Troubleshooting database slowness can be both fairly straightforward and tricky at the same time. Most of the time the problems will present themselves to you right away and the fixes will be fairly easy too, but there are those times when the exact issue will elude you and even when you find it there is no really good solution.
Here, we're going to concentrate on that low hanging fruit that will get you through around 90% of your database speed issues.
First Up: Determine If it Really Is an SQL Server Issue
Let’s say that you’ve definitely determined that the issue is inside SQL Server via Troubleshooting a Slow Database Server: Is SQL Server the Cause?. The first thing to do inside SQL Server is to see which query is causing the problems. To do this, you need to open a query window and type the following line of code:
Select * from sys.sysprocesses order by cpu desc
This of course, depends on what your external investigation revealed. If it revealed a CPU issue, then the above query is what you want to use.

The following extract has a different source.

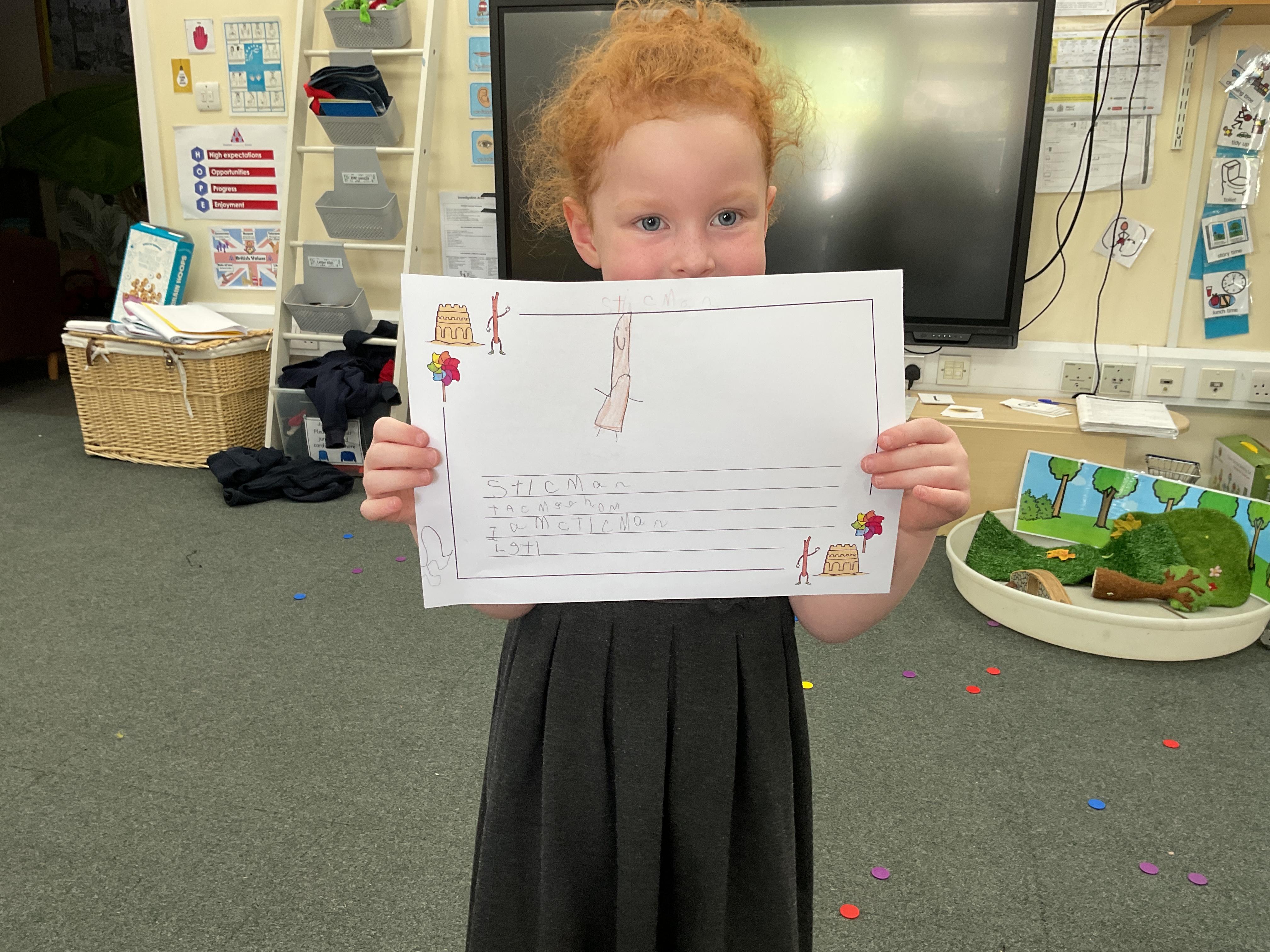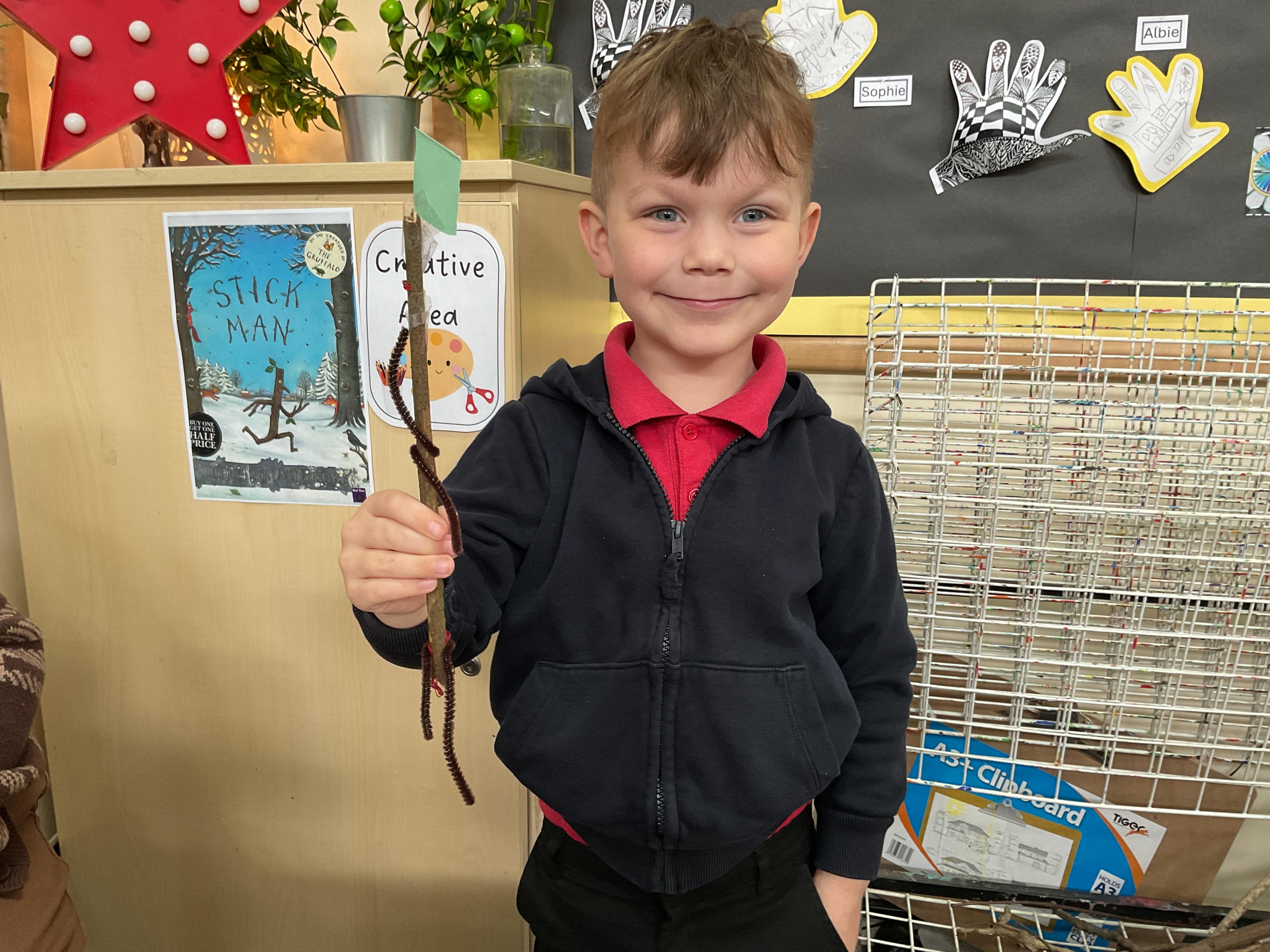 We started off the week by listening to the story of Stickman. We talked it through and thought we might like to make our very own stickman. We used lots of different materials, tested, predicted and worked through any problems to create a stickman. We then tested him out just like in the story were the children used him as apohh stick. Take a look at us we had a great time ![]()

If it revealed a disk issue, then you’ll want to change the order by clause to “order by physical_io desc”. And of course if it revealed memory issues, then you’ll want to change your order by clause to “order by memusage desc”.
Each of these order clauses tells you what the most expensive queries are in terms of what you’re ordering by. So the “order by cpu desc” clause puts the highest CPU queries at the top of the list. These are the queries you want to concentrate on.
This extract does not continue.